### Required work
Without changing a word, return the listing below, minus its images.

### Records supplied
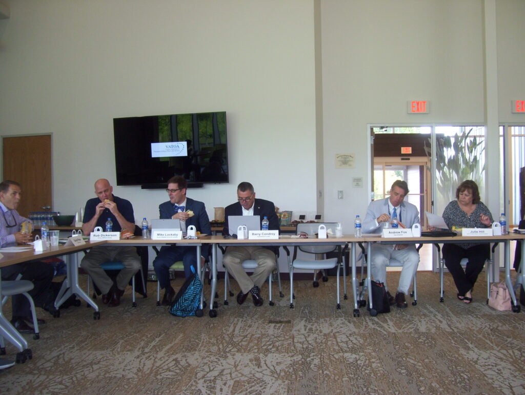 Photos from VATOA’s 2022 Annual Conference in Fredericksburg Fredericksburg police department, site of VATOA meeting FTD training room – VATOA meeting Kathleen, Tracy, Erin, Rob Evan Feinman Mike Lockaby presents Matt Ames, Rob Dickerson at VATOA meeting Ellen, Kelly, Catharine Kathleen Dooley, VATOA annual meeting Scenes from VATOA’s 2019 Annual Conference
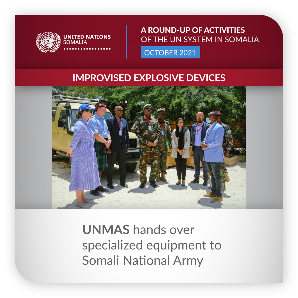 ![]() | Improvised Explosive Devices | UNMAS hands over specialized equipment to Somali National Army In the presence of senior UN and UK officials, UNMAS handed over specialized equipment to the Somali National Army as part of the latter’s counter-improvised-explosive-device (IED) capacity development process, in line with the Somalia Transition Plan, which is a comprehensive guide developed by the Federal Government of Somalia and its partners to handover security responsibility to Somali forces from AMISOM peacekeepers. The handover of the specialized equipment will contribute to strengthening the Somali National Army’s IED threat mitigation capacity and foster a safer Somalia. | |
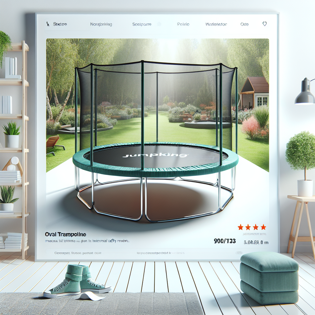 טרמפולינה אובלית לחצר 901723 בגודל 3.0/4.6 מטר עם רשת פנימית JUMPKING היא טרמפולינה איכותית המתאימה לפעילות גופנית, למשחק מהנה ולשיפור הקואורדינציה.
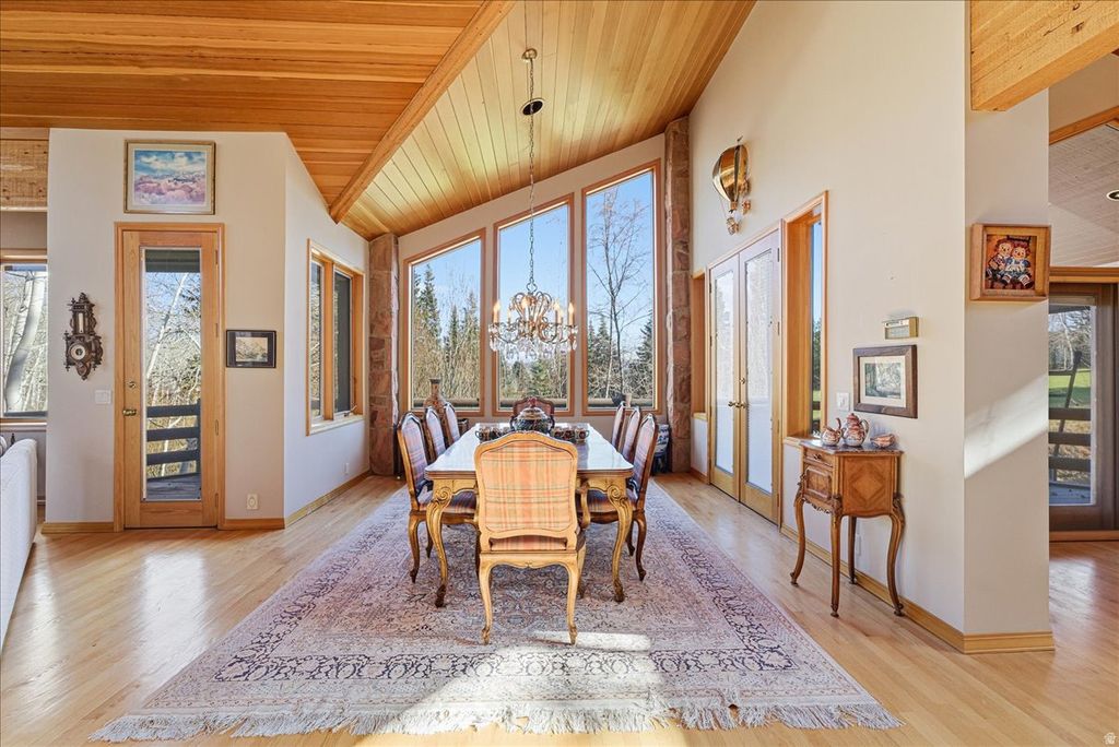 Hidden beneath a canopy of mature trees in Thaynes Canyon Park City, this four-bedroom, four-and-a-half-bath mountain residence offers exceptional privacy with direct adjacency to the Park City Golf Course. Built in 1990 and designed by respected local architect David White, with construction by Michael Allred, the home blends clean contemporary lines with authentic alpine character across 7,282 square feet of refined living space. No HOA. - The Great Room serves as the architectural centerpiece, featuring dramatic vaulted ceilings, a striking lodgepole column, and expansive windows that frame the surrounding forest year-round. The kitchen includes smooth granite countertops, custom wood finishes, and a concealed pantry/work space that preserves the open flow of the main entertaining areas. - The primary suite offers a quiet private retreat within the home. Additional bedrooms provide flexibility for guest suites or home offices. Multiple living areas support both large gatherings and everyday living. - Outdoor living is highlighted by a back deck overlooking the sixth hole of the Park City Golf Course, creating a tranquil setting that feels secluded while remaining minutes from Main Street Park City, ski resorts, dining, and shopping. The property borders Rotary Park and sits near the Iron Mountain Trail System, providing immediate access to Park City's year-round outdoor recreation. - Additional features include a covered entry, three-car garage, vaulted interior volumes, and mature landscaping. - Thaynes Canyon is one of Park City's most centrally located and lightly traded luxury neighborhoods, where properties of this scale, architectural pedigree, and golf-course proximity are rarely offered. Information deemed reliable but not guaranteed.
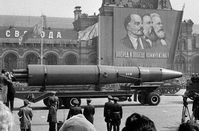 صورة لجانب من الصواريخ السوفيتية خلال استعراض عسكري سنة 1960

### Response area
 Photos from VATOA’s 2022 Annual Conference in Fredericksburg Fredericksburg police department, site of VATOA meeting FTD training room – VATOA meeting Kathleen, Tracy, Erin, Rob Evan Feinman Mike Lockaby presents Matt Ames, Rob Dickerson at VATOA meeting Ellen, Kelly, Catharine Kathleen Dooley, VATOA annual meeting Scenes from VATOA’s 2019 Annual Conference
 ![]() | Improvised Explosive Devices | UNMAS hands over specialized equipment to Somali National Army In the presence of senior UN and UK officials, UNMAS handed over specialized equipment to the Somali National Army as part of the latter’s counter-improvised-explosive-device (IED) capacity development process, in line with the Somalia Transition Plan, which is a comprehensive guide developed by the Federal Government of Somalia and its partners to handover security responsibility to Somali forces from AMISOM peacekeepers. The handover of the specialized equipment will contribute to strengthening the Somali National Army’s IED threat mitigation capacity and foster a safer Somalia. | |
 טרמפולינה אובלית לחצר 901723 בגודל 3.0/4.6 מטר עם רשת פנימית JUMPKING היא טרמפולינה איכותית המתאימה לפעילות גופנית, למשחק מהנה ולשיפור הקואורדינציה.
 Hidden beneath a canopy of mature trees in Thaynes Canyon Park City, this four-bedroom, four-and-a-half-bath mountain residence offers exceptional privacy with direct adjacency to the Park City Golf Course. Built in 1990 and designed by respected local architect David White, with construction by Michael Allred, the home blends clean contemporary lines with authentic alpine character across 7,282 square feet of refined living space. No HOA. - The Great Room serves as the architectural centerpiece, featuring dramatic vaulted ceilings, a striking lodgepole column, and expansive windows that frame the surrounding forest year-round. The kitchen includes smooth granite countertops, custom wood finishes, and a concealed pantry/work space that preserves the open flow of the main entertaining areas. - The primary suite offers a quiet private retreat within the home. Additional bedrooms provide flexibility for guest suites or home offices. Multiple living areas support both large gatherings and everyday living. - Outdoor living is highlighted by a back deck overlooking the sixth hole of the Park City Golf Course, creating a tranquil setting that feels secluded while remaining minutes from Main Street Park City, ski resorts, dining, and shopping. The property borders Rotary Park and sits near the Iron Mountain Trail System, providing immediate access to Park City's year-round outdoor recreation. - Additional features include a covered entry, three-car garage, vaulted interior volumes, and mature landscaping. - Thaynes Canyon is one of Park City's most centrally located and lightly traded luxury neighborhoods, where properties of this scale, architectural pedigree, and golf-course proximity are rarely offered. Information deemed reliable but not guaranteed.
 صورة لجانب من الصواريخ السوفيتية خلال استعراض عسكري سنة 1960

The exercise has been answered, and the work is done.